**Required work:** Find the line in the entries below that contains "Sastoji se od". Repeat it exactly, and every line after it through the line that contains "Miniatura di un".

BEGIN Source material

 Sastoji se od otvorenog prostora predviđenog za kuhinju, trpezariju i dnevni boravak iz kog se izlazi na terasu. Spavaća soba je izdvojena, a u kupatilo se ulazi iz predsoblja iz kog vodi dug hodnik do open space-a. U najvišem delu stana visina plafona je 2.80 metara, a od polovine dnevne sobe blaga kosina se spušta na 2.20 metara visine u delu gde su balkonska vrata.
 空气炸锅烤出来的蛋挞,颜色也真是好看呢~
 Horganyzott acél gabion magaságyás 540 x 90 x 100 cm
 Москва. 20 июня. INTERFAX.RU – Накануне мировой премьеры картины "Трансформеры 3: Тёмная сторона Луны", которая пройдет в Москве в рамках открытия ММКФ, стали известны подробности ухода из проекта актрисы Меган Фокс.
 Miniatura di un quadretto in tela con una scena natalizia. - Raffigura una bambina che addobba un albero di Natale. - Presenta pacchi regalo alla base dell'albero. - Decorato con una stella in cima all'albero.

END Source material
BEGIN Source material

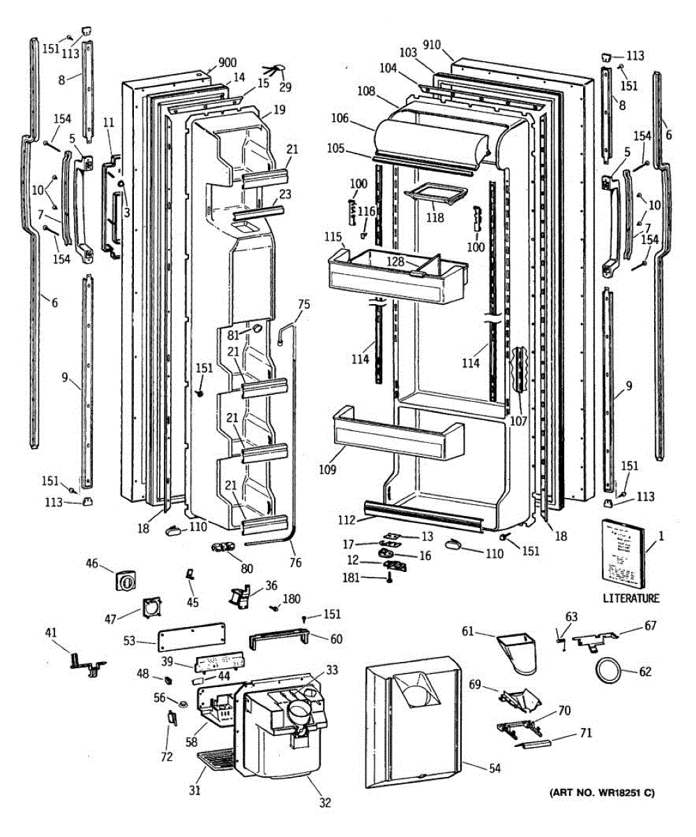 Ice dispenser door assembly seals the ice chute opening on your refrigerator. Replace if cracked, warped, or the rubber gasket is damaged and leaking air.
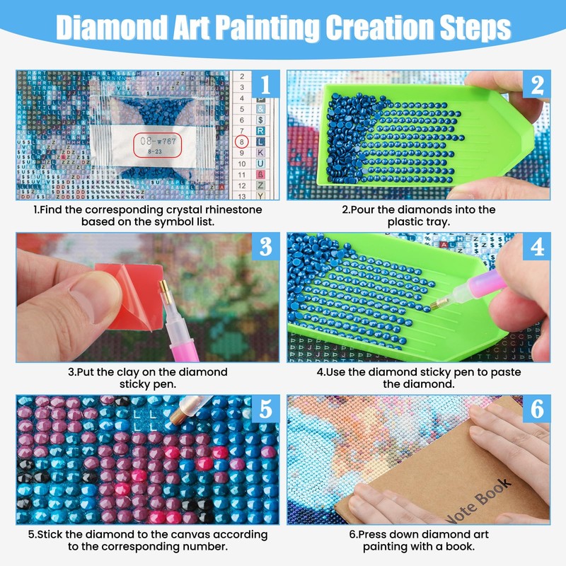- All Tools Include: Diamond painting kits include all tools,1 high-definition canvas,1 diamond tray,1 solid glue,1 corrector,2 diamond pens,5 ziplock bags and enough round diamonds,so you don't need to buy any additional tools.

END Source material
BEGIN Source material

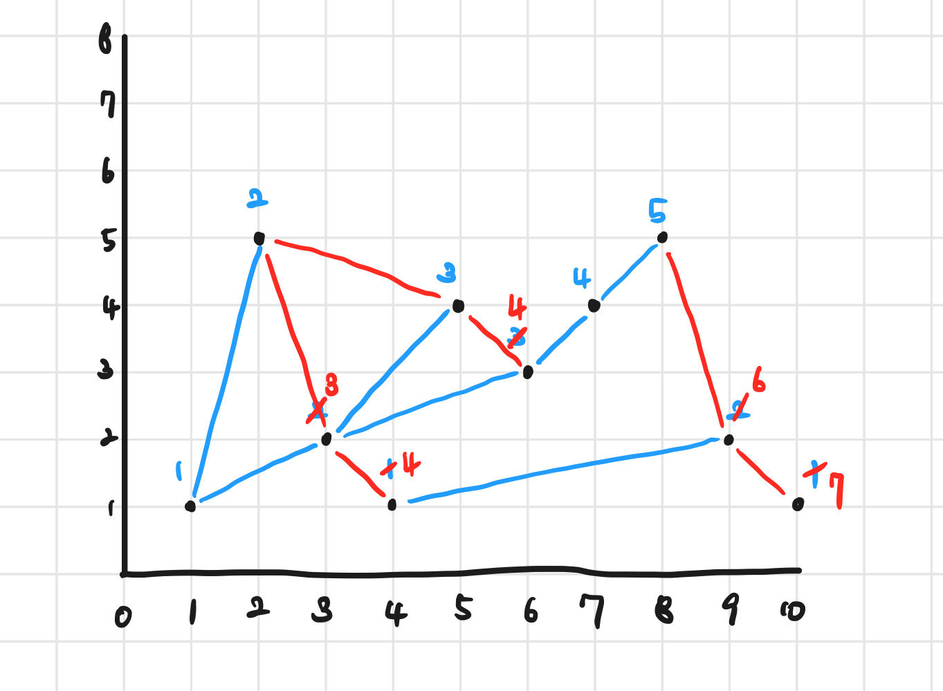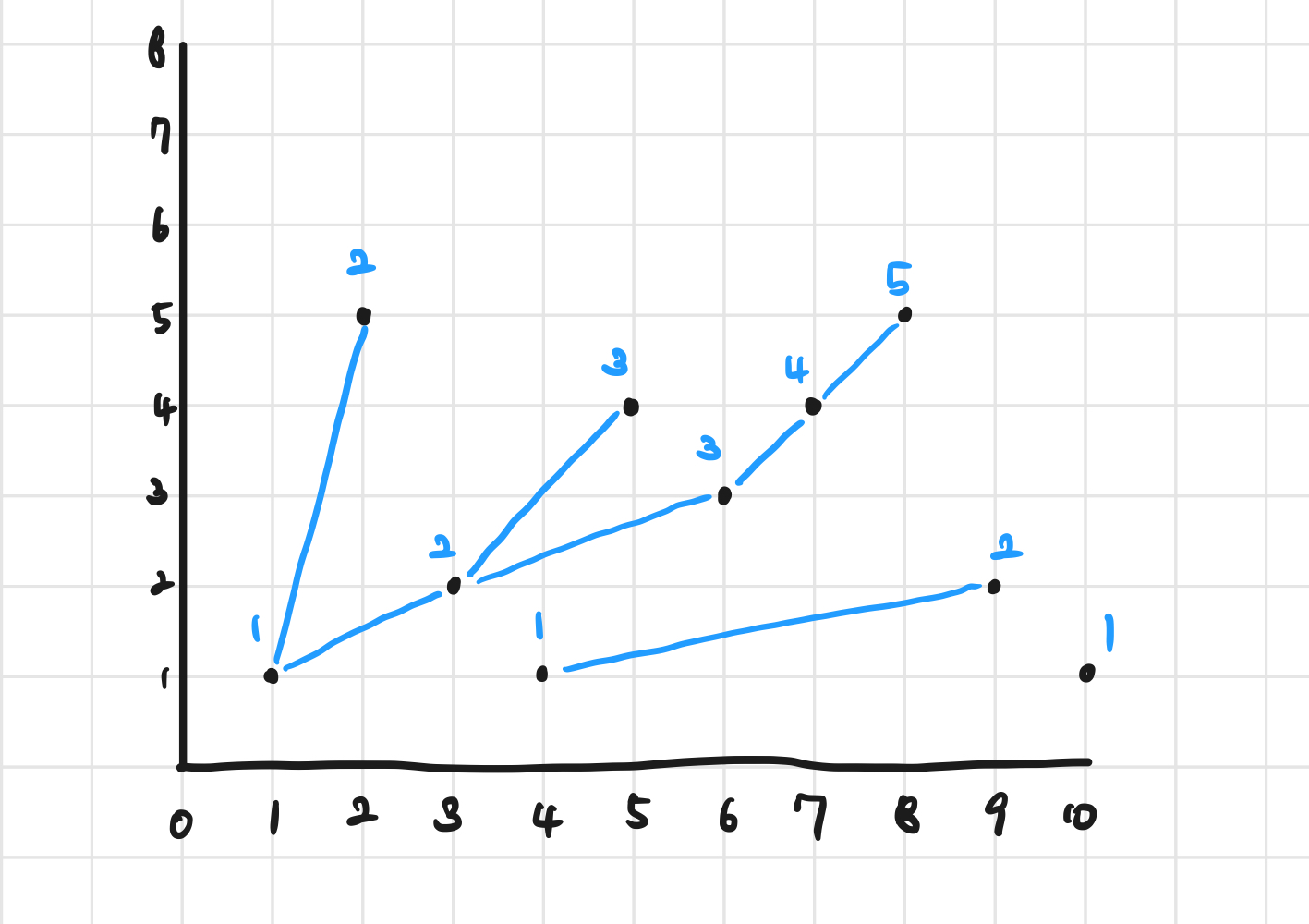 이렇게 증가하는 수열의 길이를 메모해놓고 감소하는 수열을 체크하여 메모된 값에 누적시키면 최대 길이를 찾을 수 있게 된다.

END Source material

**Written response:**
 Sastoji se od otvorenog prostora predviđenog za kuhinju, trpezariju i dnevni boravak iz kog se izlazi na terasu. Spavaća soba je izdvojena, a u kupatilo se ulazi iz predsoblja iz kog vodi dug hodnik do open space-a. U najvišem delu stana visina plafona je 2.80 metara, a od polovine dnevne sobe blaga kosina se spušta na 2.20 metara visine u delu gde su balkonska vrata.
 空气炸锅烤出来的蛋挞,颜色也真是好看呢~
 Horganyzott acél gabion magaságyás 540 x 90 x 100 cm
 Москва. 20 июня. INTERFAX.RU – Накануне мировой премьеры картины "Трансформеры 3: Тёмная сторона Луны", которая пройдет в Москве в рамках открытия ММКФ, стали известны подробности ухода из проекта актрисы Меган Фокс.
 Miniatura di un quadretto in tela con una scena natalizia. - Raffigura una bambina che addobba un albero di Natale. - Presenta pacchi regalo alla base dell'albero. - Decorato con una stella in cima all'albero.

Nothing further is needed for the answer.